Archbishop Gomez also said the Communion must also resolve the issue of bishops acting outside their territories and the plight of embattled traditionalists in US and Canadian dioceses and restore catholic order to the church.

Chairman of the Anglican Covenant Design Group, Archbishop Gomez is considered one of the key international players whose support Dr Williams’ needs to keep the Communion going. The West Indian primate is not likely to lend his support to the ACC’s attempt to rehabilitate the Episcopal Church, however.

Speaking to The Christian Challenge magazine, Archbishop Gomez said the ACC’s joint standing committee report of Sept that gave the US church a passing grade in complying with the primates’ requests was ‘was more generous than I feel they should be.’ The Global South coalition of primates is expected to issue a statement this coming week that endorses the position of the African provinces, which held that the New Orleans statement failed to adequately respond to the requests made of the American Church by the wider Anglican Communion.

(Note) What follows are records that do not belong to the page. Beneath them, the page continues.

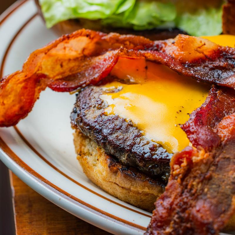 A 1/3 lb beef patty cooked to order, served with french fries, soup, or a dinner salad with your choice of dressing.
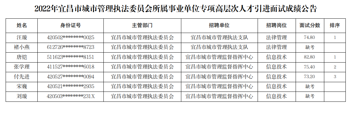 2022年宜昌市城市管理执法委员会所属事业单位专项高层次人才引进面试成绩公告
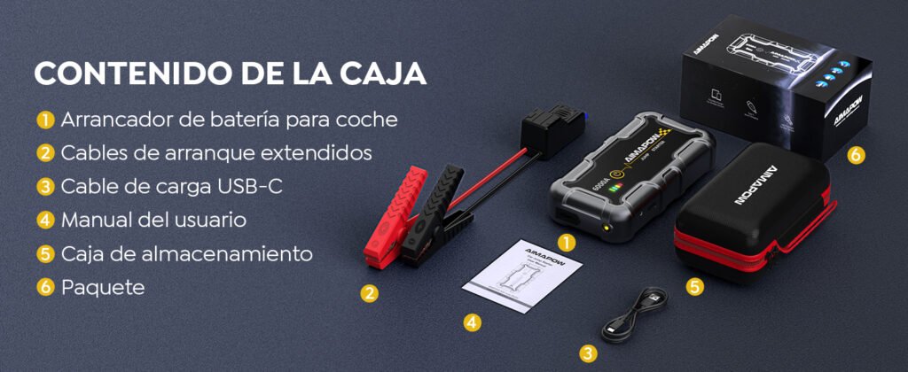 • Carga periódica: Carga el arrancador al menos una vez cada 2–3 meses, incluso si no lo has utilizado. Esto asegura que siempre esté listo para emergencias.
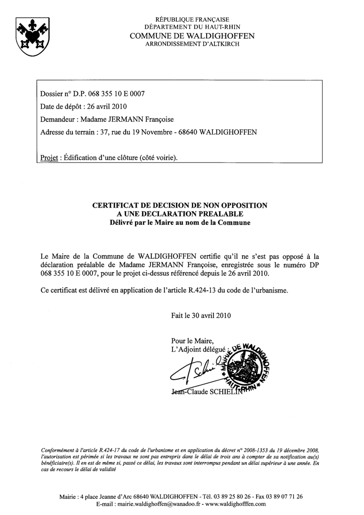 Vous êtes ici : Accueil Mairie Affichage public Annexes affichage public 2010 Non opposition DP 10E0007 Mme JERMANN Françoise

--This article appears in the November 2nd, 2007, edition of the Church of England Newspaper on page 7

    Comments & Responses

  1. Archbishop Drexel Gomez has already compromised his position as Chair of the Covenant Committee by his presence at the ordination in Uganda of American clergy - for the purpose of undermining the ecclesial territory of other Anglican bishops of the legally constituted dioceses of TEC.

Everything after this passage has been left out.